The Morgan Kaufmann Series in Data Management Systems
Morgan Kaufmann Publishers, July 2011. ISBN 978-0123814791
In pattern recognition, the k-nearest neighbors algorithm (k-NN) is a non-parametric method proposed by Thomas Cover used for classification and regression. In both cases, the input consists of the k closest training examples in the feature space.
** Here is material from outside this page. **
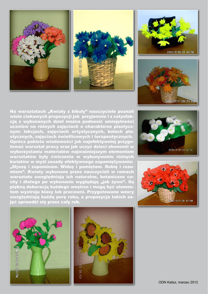 Na warsztatach „Kwiaty z bibuły” nauczyciele poznali wiele ciekawych propozycji jak przyjemnie i z satysfakcją z wykonanych dzieł można podnosić umiejętności uczniów na różnych zajęciach o charakterze plastycznym: lekcjach, zajęciach artystycznych, kołach plastycznych, zajęciach świetlicowych i terapeutycznych. Oprócz pakietu wiadomości jak najefektywniej przygotować warsztat pracy oraz jak uczyć dzieci ekonomii w wykorzystaniu materiałów najważniejszym elementem warsztatów były ćwiczenia w wykonywaniu różnych kwiatów w myśl zasady efektywnego zapamiętywania: „Słyszę i zapominam. Widzę i pamiętam. Robię i rozumiem”. Kwiaty wykonane przez nauczycieli w ramach warsztatu uwzględniają ich naturalne, botaniczne cechy i dlatego po wykonaniu wyglądają „jak żywe”. Są piękną dekoracją każdego wnętrza i mogą być elementem wystroju klasy lub pracowni. Przygotowane wzory uwzględniają każdą porę roku, a propozycja takich zajęć sprawdzi się przez cały rok. ODN Kalisz, marzec 2012

International Journal of Engineering Research and Applications (IJERA) is an open access online peer reviewed international journal that publishes research and review articles in the fields of Computer Science, Neural Networks, Electrical Engineering, Software Engineering, Information Technology, Mechanical Engineering, Chemical Engineering, Plastic Engineering, Food Technology, Textile Engineering, Nano Technology & science, Power Electronics, Electronics & Communication Engineering, Computational mathematics, Image processing, Civil Engineering, Structural Engineering, Environmental Engineering, VLSI Testing & Low Power VLSI Design etc.
اسلایدهای درس شبکه عصبی و یادگیری عمیق که در دانشگاه شیراز توسط استاد اقبال منصوری تدریس می شود.
Neural network and deep learning course slide taught by Professor Iqbal Mansouri at Shiraz University.
اسلایدهای درس شبکه عصبی و یادگیری عمیق که در دانشگاه شیراز توسط استاد اقبال منصوری تدریس می شود.
Neural network and deep learning course slide taught by Professor Iqbal Mansouri at Shiraz University.
اسلایدهای درس شبکه عصبی و یادگیری عمیق که در دانشگاه شیراز توسط استاد اقبال منصوری تدریس می شود.
Neural network and deep learning course slide taught by Professor Iqbal Mansouri at Shiraz University.
Slides of pattern recognition Course of Professor Zohreh Azimifar at Shiraz University.
اسلاید های درس شناسایی آماری الگو استاد زهره عظیمی فر در دانشگاه شیراز.
Slides of pattern recognition Course of Professor Zohreh Azimifar at Shiraz University.
اسلاید های درس شناسایی آماری الگو استاد زهره عظیمی فر در دانشگاه شیراز.
Slides of pattern recognition Course of Professor Zohreh Azimifar at Shiraz University.
اسلاید های درس شناسایی آماری الگو استاد زهره عظیمی فر در دانشگاه شیراز.
Using recycled concrete aggregates (RCA) for pavements is crucial to achieving sustainability. Implementing RCA for new pavement can minimize carbon footprint, conserve natural resources, reduce harmful emissions, and lower life cycle costs. Compared to natural aggregate (NA), RCA pavement has fewer comprehensive studies and sustainability assessments.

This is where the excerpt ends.